-- Source data --
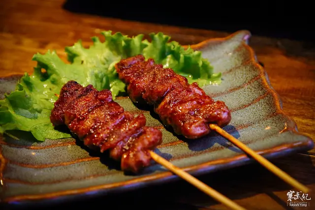 北京烤鴨風味串(70元):竟然在燒烤店會出現北京烤鴨的蹤跡,讓人不得不佩服店家的思維,是想讓客人在同一間店就可以嚐遍各式的種類嗎?而北京烤鴨的風味完完全全的呈現出來,絲毫不差!
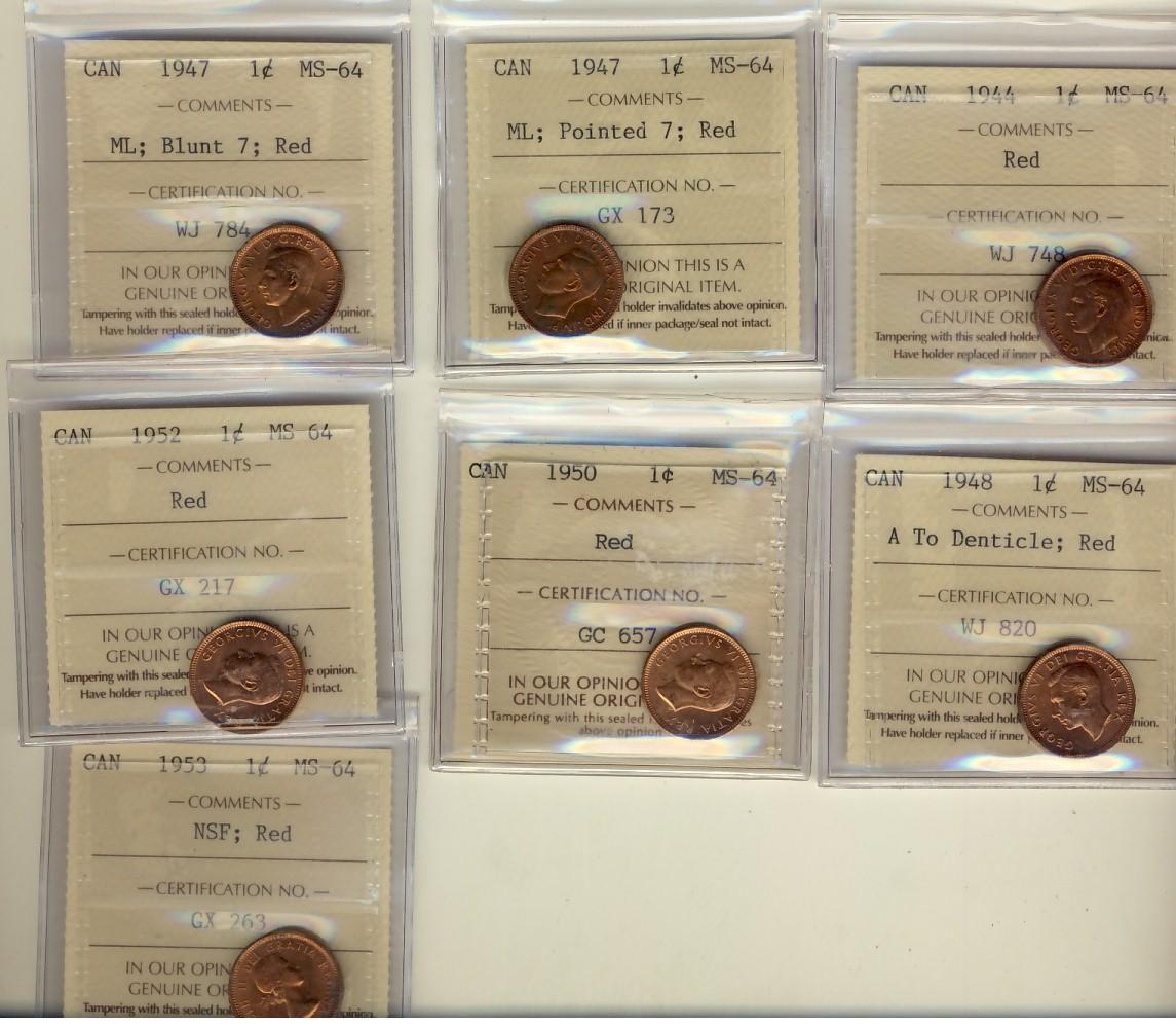 1944, 1947 ML Blt 7, ML Ptd 7, 1948 A To, 1950, 1952 & 1953 NSF 1¢ ICCS MS64RD. Lot of 7 Coins.
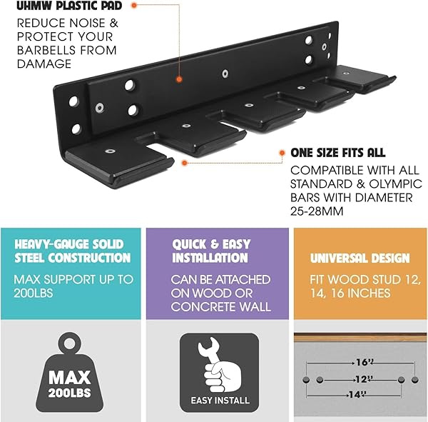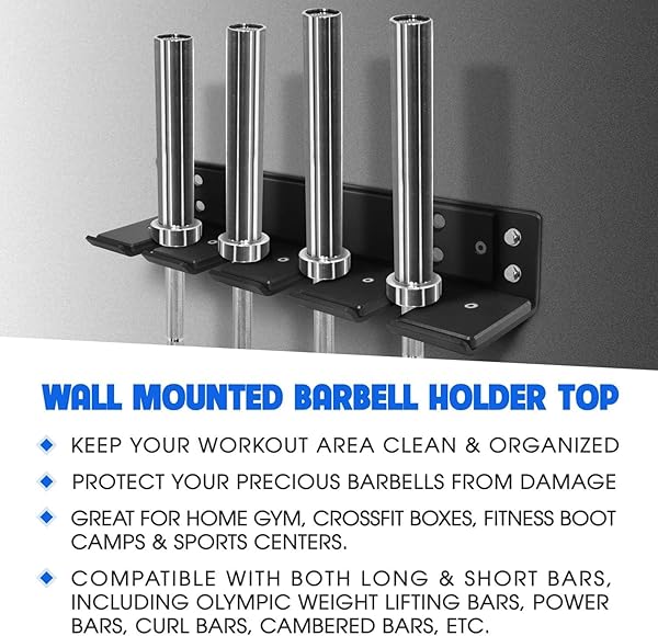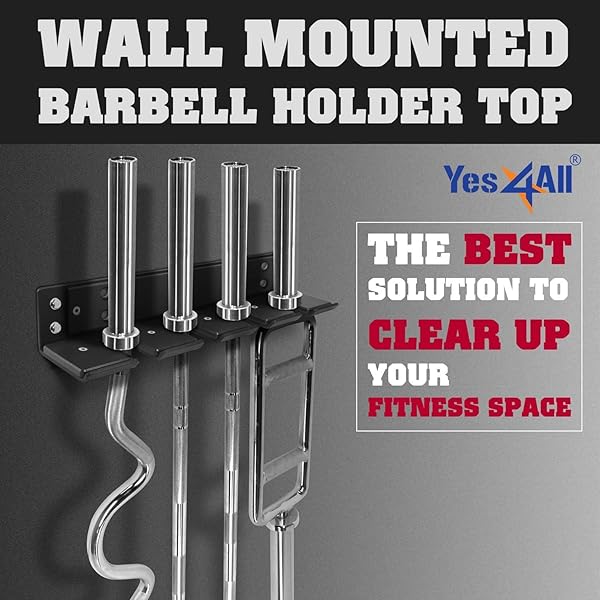- Yes4All Vertical Wall Mounted Olympic Barbell Holder, Barbell Storage Rack, Hanging Barbell Rack for Home Fitness Equipment - 4 bars offers reliable performance and quality- 17. 52 x 4. 25 x 3 inch wall mounted barbell holder top: specially designed with a screw hole-to-hole spacing 2, 12 & 2 inches, Yes4All bar hanger is compatible with 12, 14 & 16-Inch wood studs
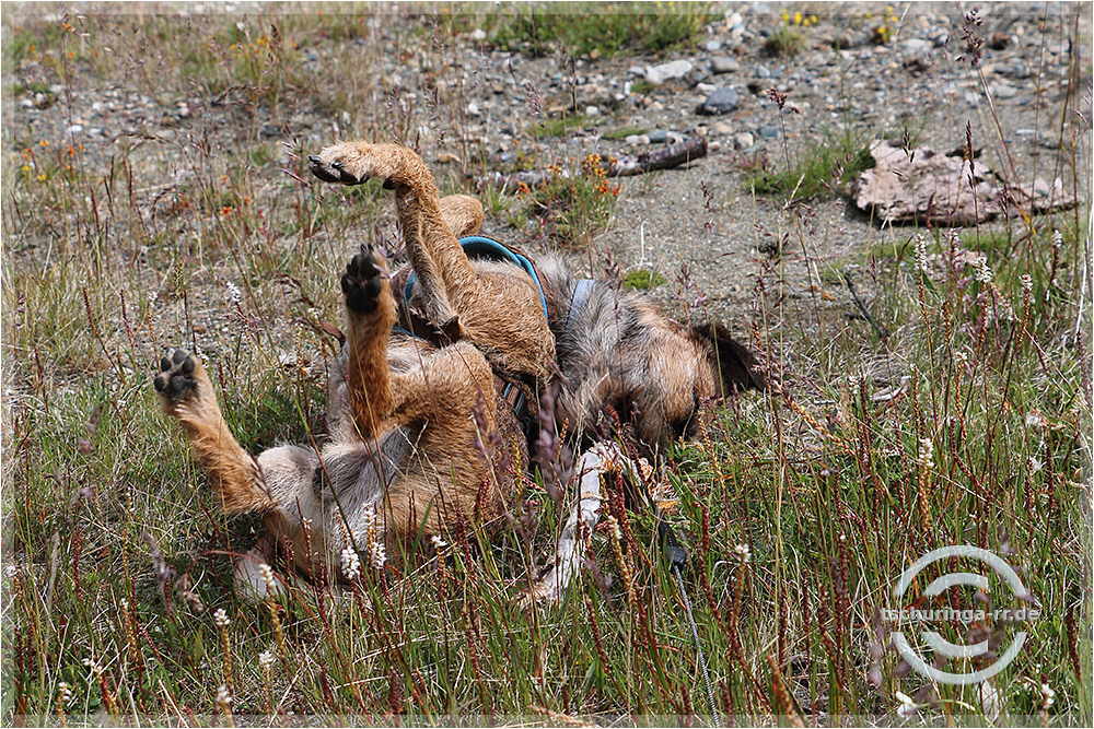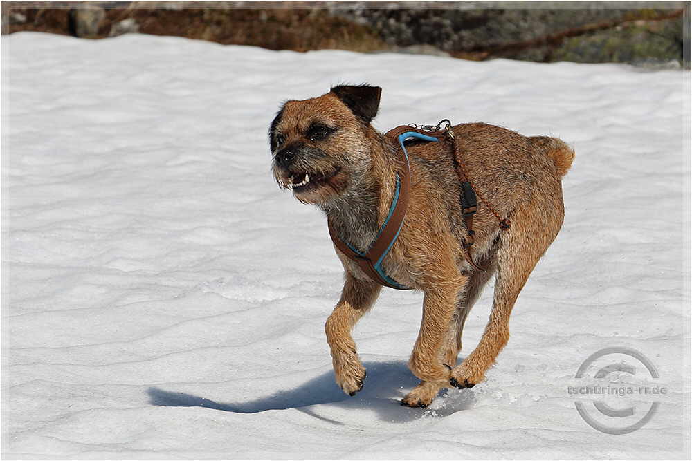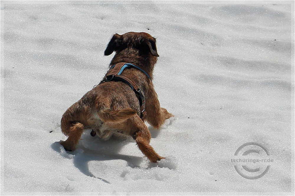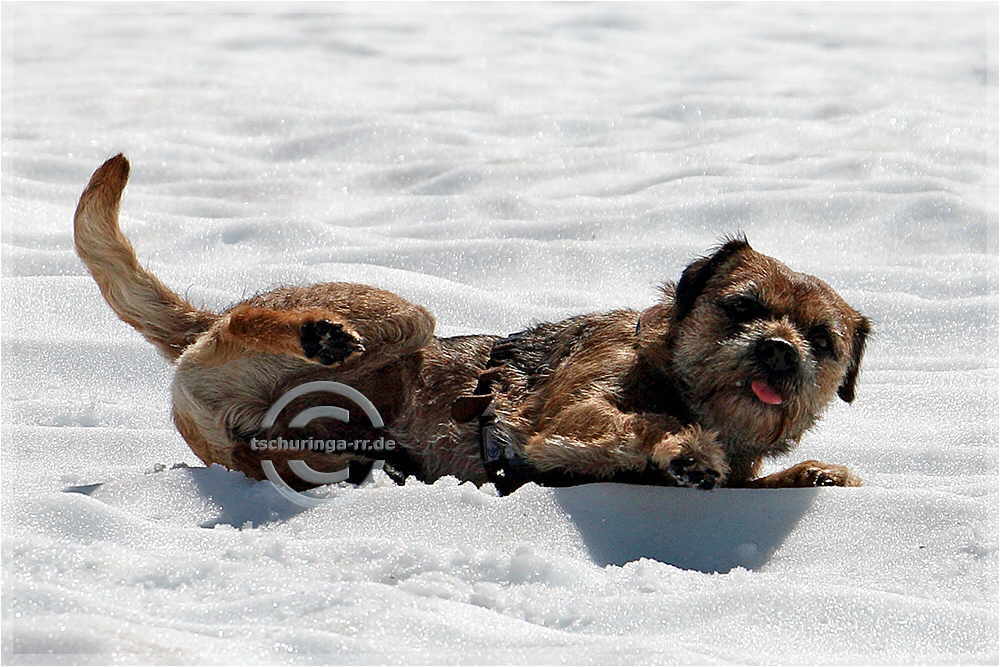 | Yukon ist begeistert. Ein Schneefeld zum Robben und Toben... | ||

-- Your instructions --
Write out all the material above exactly, with no image carried over.

-- The completed task --
 北京烤鴨風味串(70元):竟然在燒烤店會出現北京烤鴨的蹤跡,讓人不得不佩服店家的思維,是想讓客人在同一間店就可以嚐遍各式的種類嗎?而北京烤鴨的風味完完全全的呈現出來,絲毫不差!
 1944, 1947 ML Blt 7, ML Ptd 7, 1948 A To, 1950, 1952 & 1953 NSF 1¢ ICCS MS64RD. Lot of 7 Coins.
- Yes4All Vertical Wall Mounted Olympic Barbell Holder, Barbell Storage Rack, Hanging Barbell Rack for Home Fitness Equipment - 4 bars offers reliable performance and quality- 17. 52 x 4. 25 x 3 inch wall mounted barbell holder top: specially designed with a screw hole-to-hole spacing 2, 12 & 2 inches, Yes4All bar hanger is compatible with 12, 14 & 16-Inch wood studs
 | Yukon ist begeistert. Ein Schneefeld zum Robben und Toben... | ||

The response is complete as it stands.